Decoding the TRAKTOR4 field
The Native Instrument's Traktor line of software is kind of infamous when it comes to its library management.
It only reads a handful of standard ID3 fields and it encodes its own metadata inside a non-standard private field. As one could expect, the format is binary and proprietary.
Luckily, some clever folks already figured it out back in 2010 and it seems that the format hasn't changed since then. They also provided a parser implemented in Perl, but it wasn't archived.
But since we know the format, we can now write our own parser using some Modern Tools™.
Format
Data are structured as a n-ary tree of frames. Each frame consists of the header and the data content.
0x00 0x04 Frame identifier (reversed for some reason)
0x04 0x04 Frame's length in bytes (=LEN)
0x08 0x04 Number of child frames
0x0c LEN Data content of the frame
If the number of child frames is zero, the data content is the actual payload, the type of which can be string, long, float, date plus some special cases, like the Cue points (see below). Some fields can also contain image data of an arbitrary format and some fields are still unidentified.
String
0x00 0x04 Length of the string (=LN)
0x04 LN×2 String data. Each character is followed by \0
Strings are prefixed with a 4-byte number indicating the length. Each character is represented by two bytes, but it doesn't seem to be standard utf8. (More investigation needed.)
Long/float
0x00 0x04 The value
Date
0x00 0x01 Day
0x01 0x01 Month
0x02 0x02 Year
Cue points
0x00 0x04 Number of cuepoints (=N)
N×[0x00 0x04 Unknown, seems to default to 1
0x04 0x04 Cue point name length (=LN)
0x08 LN×2 Cue point name. Each character is followed by \0
… 0x04 Display order (long)
0x04 Type (enumeration)
0 = CUE
1 = IN
2 = OUT
3 = LOAD
4 = GRID
5 = LOOP
0x08 Start (double)
0x08 Length (double)
0x04 Repeats (long)
-1 = No repeat
? = ?
0x04 Hot cue (long)]
Parsing
Instead of writing the parser from a scratch, I've used a meta-parser for binary data called Kaitai Struct. With it you can describe formats with a markup language based on YAML and then produce parsers for many different languages automatically.
It also provides JavaScript output, so we can use it directly in the browser.
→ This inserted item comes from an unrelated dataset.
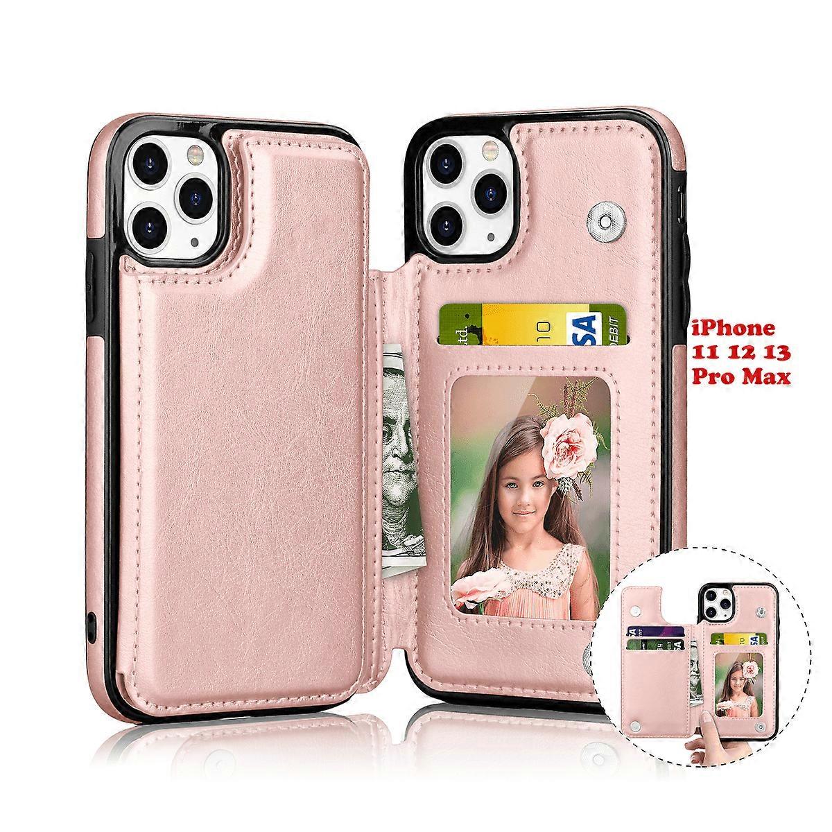 Wallet Case with Card Holder compatible with iPhone 11 12 13 Pro Max, Premium PU Leather Kickstand, Double Magnetic Clasp, Shockproof Cover - Rose

Click the button below to process mp3 file with Traktor metadata.
Note: The file is not uploaded anywhere, everything is processed in the browser.
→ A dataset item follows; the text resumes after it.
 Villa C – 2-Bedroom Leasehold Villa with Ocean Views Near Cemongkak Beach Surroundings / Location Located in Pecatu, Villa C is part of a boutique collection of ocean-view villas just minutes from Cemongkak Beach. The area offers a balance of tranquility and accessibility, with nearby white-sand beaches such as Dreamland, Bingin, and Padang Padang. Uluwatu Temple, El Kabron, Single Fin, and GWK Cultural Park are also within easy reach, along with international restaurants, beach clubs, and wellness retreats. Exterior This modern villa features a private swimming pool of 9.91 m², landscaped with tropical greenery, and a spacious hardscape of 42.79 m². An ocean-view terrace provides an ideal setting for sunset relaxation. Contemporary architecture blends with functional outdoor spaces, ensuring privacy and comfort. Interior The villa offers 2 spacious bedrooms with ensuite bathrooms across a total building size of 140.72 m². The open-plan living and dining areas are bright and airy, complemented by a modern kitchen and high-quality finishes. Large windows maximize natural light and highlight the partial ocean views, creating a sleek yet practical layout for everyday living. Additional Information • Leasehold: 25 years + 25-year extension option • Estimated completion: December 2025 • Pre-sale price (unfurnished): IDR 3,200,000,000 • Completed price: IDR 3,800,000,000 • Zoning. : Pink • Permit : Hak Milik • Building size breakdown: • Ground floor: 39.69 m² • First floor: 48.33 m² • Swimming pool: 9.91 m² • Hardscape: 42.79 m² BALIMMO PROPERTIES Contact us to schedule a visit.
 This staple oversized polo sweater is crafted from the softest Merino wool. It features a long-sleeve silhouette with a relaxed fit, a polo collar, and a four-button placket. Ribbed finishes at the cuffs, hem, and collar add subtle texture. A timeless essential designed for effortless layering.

Example output: TRMD HDR CHKS 1835099 FMOD 2021-5-6 VRSN 7 DATA ANDB 112,153,60,65 BITR 249000 BPMQ 1 COM2 Comment2 COMM Comment CTLG Cat. No. CUEP 8 0: name: AutoGrid, display_order: 0, type: GRID, start: 1406.629, length: 0.000, repeats: -1, hot cue: 0 1: name: n.n., display_order: 0, type: CUE, start: 7765.158, length: 0.000, repeats: -1, hot cue: 1 2: name: n.n., display_order: 0, type: CUE, start: 14123.688, length: 0.000, repeats: -1, hot cue: 2 3: name: n.n., display_order: 0, type: CUE, start: 20482.217, length: 0.000, repeats: -1, hot cue: 3 4: name: n.n., display_order: 0, type: CUE, start: 40087.684, length: 0.000, repeats: -1, hot cue: 4 5: name: n.n., display_order: 0, type: CUE, start: 143943.667, length: 0.000, repeats: -1, hot cue: 5 6: name: n.n., display_order: 0, type: CUE, start: 182094.844, length: 0.000, repeats: -1, hot cue: 6 7: name: n.n., display_order: 0, type: CUE, start: 232963.081, length: 0.000, repeats: -1, hot cue: 7 FLGS 12 HBPM 113.23372650146484 IPDT 2021-5-6 LABL Label MKEY 12 PCDB 11.787460327148438 PKDB 7.761477947235107 PROD Producer RANK 255 RLDT 1900-1-1 SYNC MATY 3 TALB Release TCON Genre TIT2 Title TKEY 10m TLEN 245 TMIX Mix TPE1 Artist TPE4 Remixer TRCK 1 USLT Lyrics
Writing
As you might have noticed, there is a check sum. And sure enough, changing even a single byte causes Traktor Scratch to completely ignore the data. So far, I haven't been able to find the function which computes it.